I wonder whether there may actually be a cultural dimension to this discussion. My wife has a Chinese heritage with her family living in Indonesia for a couple of centuries. Two of her Aunts, from her mother's side, are very much the investors in their families. One is actually what might be referred to as a day trader. From my brief involvement with the Chinese community in Indonesia and Australia, Chinese women are not particularly shy in making investment decisions.
However I digress, I wonder whether the issue might actually be that investment scenarios, especially in terms of non bricks and mortar decisions, are not appropriately developed or explained to women in Australia and it is this explanation that is the key to their hesitancy.
There seems to be a lot of bravado / ego in investment circles. I imagine that this is a function of investors looking for that next best investment and the belief that they have found the answer. My sense is that women don't respond as well to this bravado but would much prefer to have investment decisions accurately and carefully set out based on hard facts not hopes or dreams.

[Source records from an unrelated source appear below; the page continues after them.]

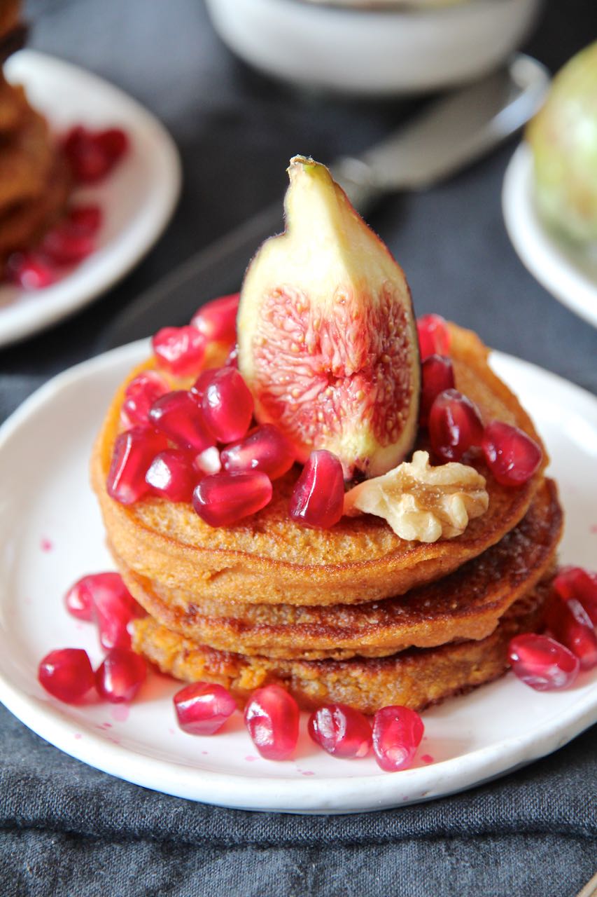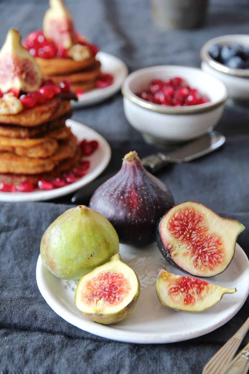 Kokosöl in eine Pfanne bei mittlerer Hitze erhitzen. Mit einer kleinen Kelle etwas Teig in die Pfanne geben. Ich habe in einer mittleren Pfanne jeweils 4 kleine Kürbispancakes ausgebacken. Warm servieren und entweder mit Puderzucker bestäuben oder mit Dattelsirup beträufeln. Granatapfelkerne, Feigen und Blaubeeren dazu reichen.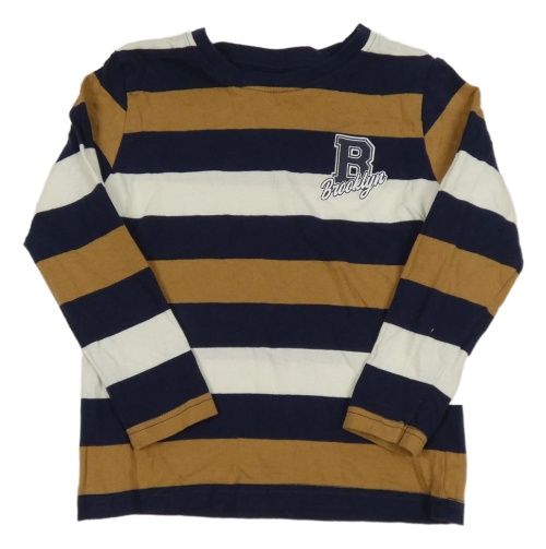 Tmavomodro-hnědo-bílé pruhované triko s písmenkem in extenso
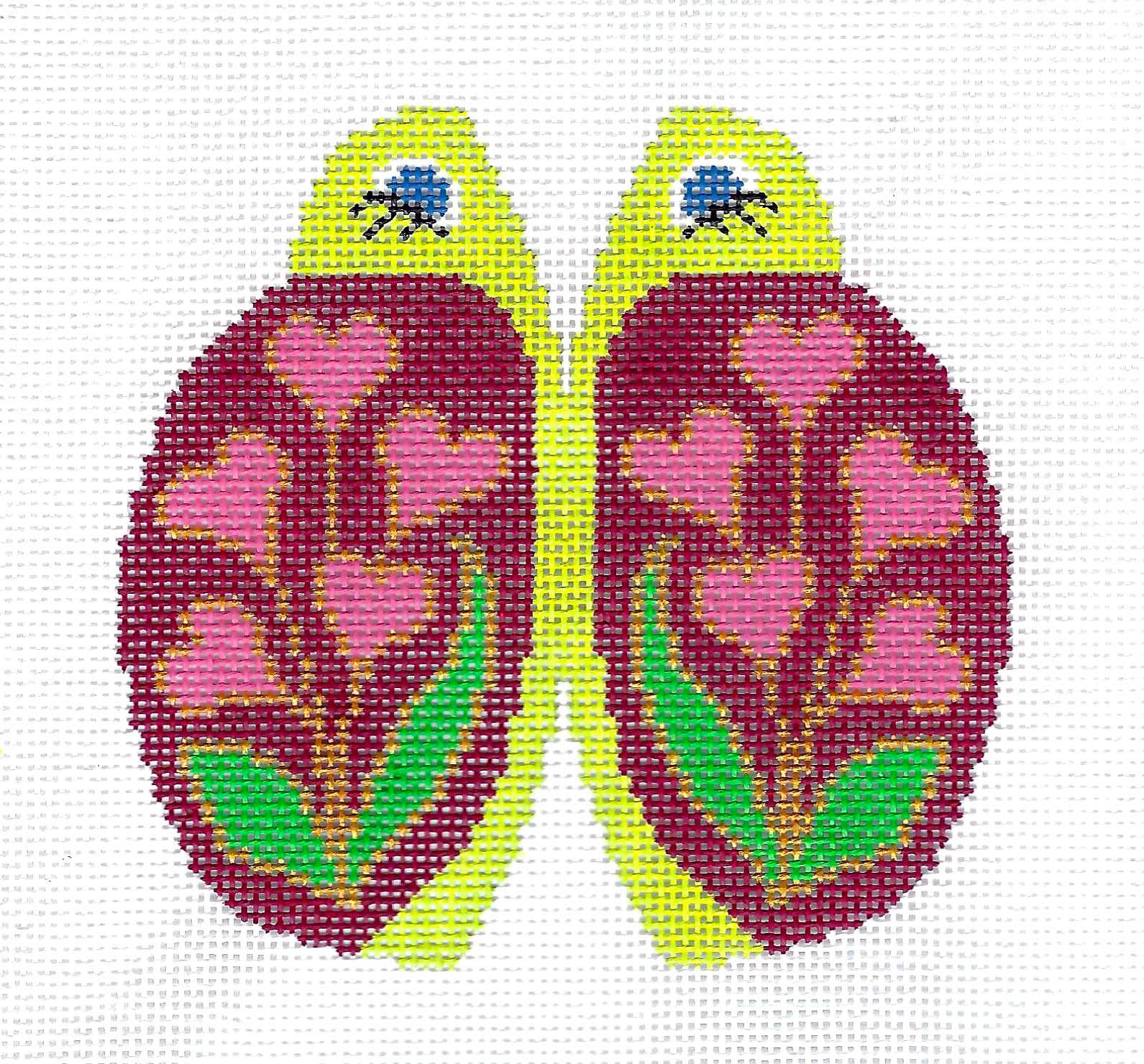... needlepoint canvas, hand painted in bright red, metallic gold and pinks with darling blue eyes with eyelashes! Perfect for a 3-D Soft Sculpture, Frame Weight, Paper Weight, Bean Bag or Padded Ornament.

Some of us mere males might suggest that we can see the female approach to decision making when it comes to their domain - shopping. Why does it take so long? Why do we have to check out every single store before making the decision? Just pick up the .... and let's get going! When it comes to purchasing decisions, women are very calculating and want all the information and possibilities on the table before making their choice. Or at least that's what they tell us.
On this point, I actually think women also want to see value for money in all transactions that they make. The level of fees charged by some financial institutions can make it difficult for that value to be identified.
Anecdotally, my business partner and I often comment when we meet with couples that it is the female that seems to get our philosophy before the male. (Another broad generalisation) We have an investment philosophy that is based on academic research clearly setting out what investment returns have been through history and how best to capture those returns in an investment portfolio. I think this is what women in general are looking for rather than the "trust me, I am an expert" line.